This morning I went running into my housemate’s room in a frenzy. An NHS watchdog had announced that there’s a risk of carrying excess weight around your middle if your waist size is more than half your height. So, obviously, I had to check: ‘Have we got a tape measure?’
Together, with four hands and two pairs of eyes, we navigated my body with a retractable metal tape, and established that, according to the new guidance, I’m healthy – just. Seven more centimetres on my middle and I would have been facing a problem.
For context, the average woman’s waist size in the UK is 33 inches, while the average height is 5’3. ‘I don’t think my waist size was ever half my height, including when I was in my 20s and size 12-14!’ wrote one woman on Twitter.
‘Horrible week to have an eating disorder,’ added an NHS clinical nurse. ‘A healthy weight is different for EVERYONE and you can’t generalise like this. It’s lazy science and won’t help anyone.’

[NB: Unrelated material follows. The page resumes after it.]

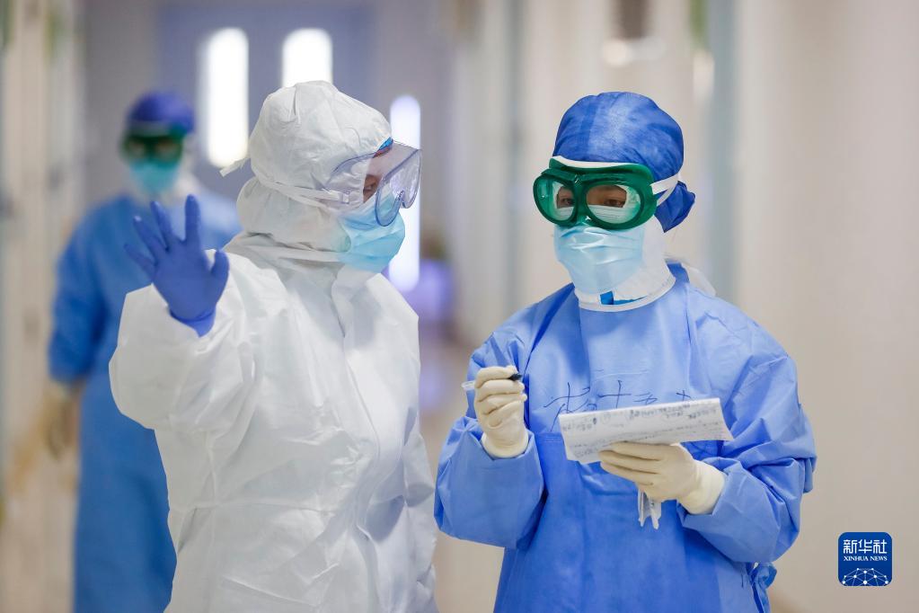 在武漢市金銀潭醫院的一個(gè)病區,金銀潭醫院護士與浙江省人民醫院護士(右)交接工作(2020年3月18日攝)。新華社記者 沈伯韓 攝
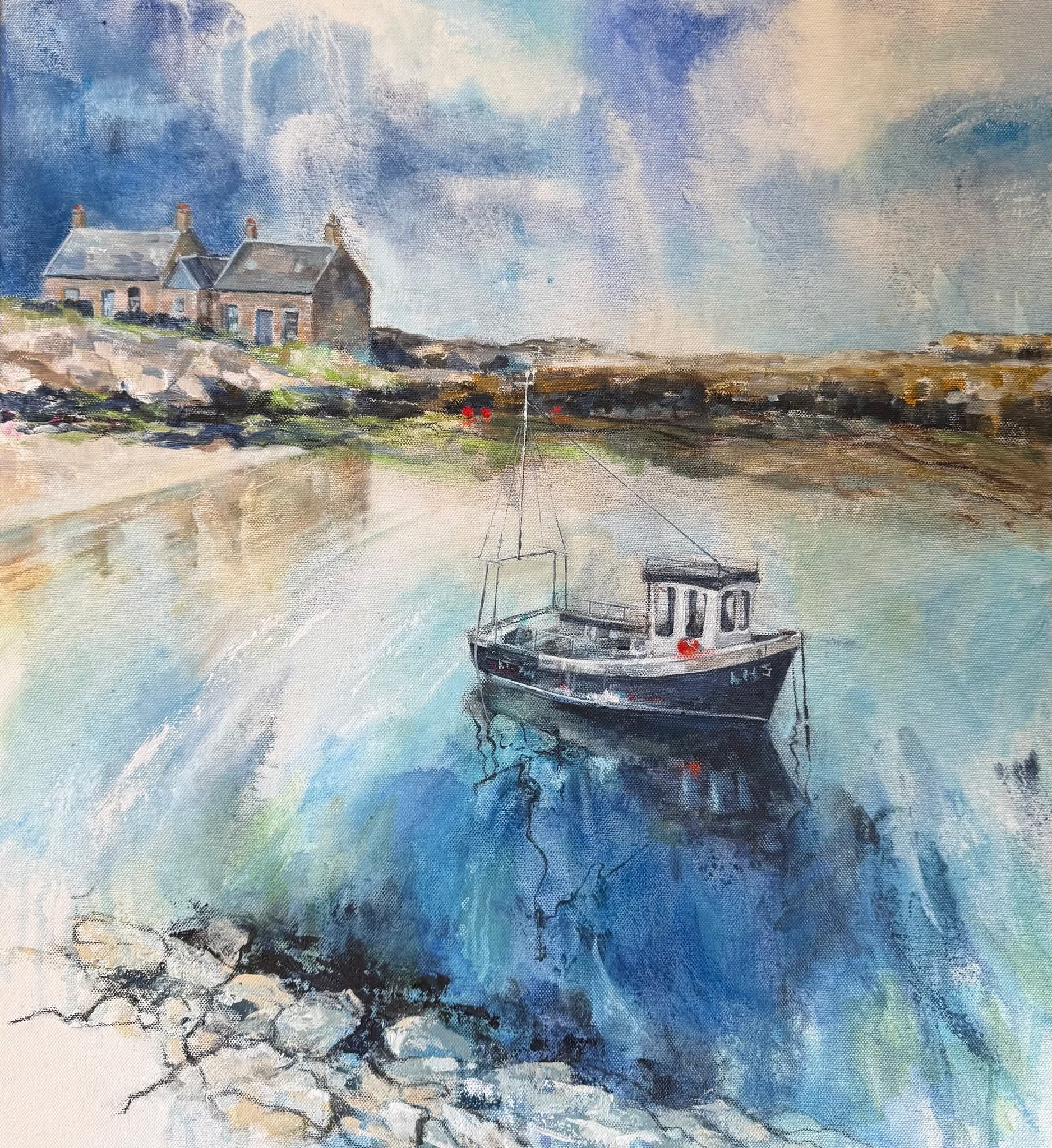 Another artist ‘new’ to Marshchapel is Catherine Nicholson who studied Fine Art Sculpture in Manchester and subsequently Bronze Casting at the Royal College of Art in London. She has been painting for many years and teaching Art, Design and Additional Support Needs in Secondary Schools in Scotland. She has recently moved back to her home County of Lincolnshire to develop her art. Welcome Catherine. We look forward to seeing your watercolour paintings which capture the exquisite detail and beauty of the natural world alongside this acrylic work of Fisherman’s Cottages.

The watchdog who outlined the new waist to height ratio rule (The National Institute for Health and Care Excellence) recommended the formula to people whose body mass index (BMI) was under 35 (30 is obese). For reference, my BMI is 23.9 and 25 means you’re overweight – at least, according to that system.
But there is no magic formula for good health and there are infinite ways the body can be composed. Have we forgotten that muscle weighs more than fat? Many personal trainers have been classified as obese according to BMI calculations.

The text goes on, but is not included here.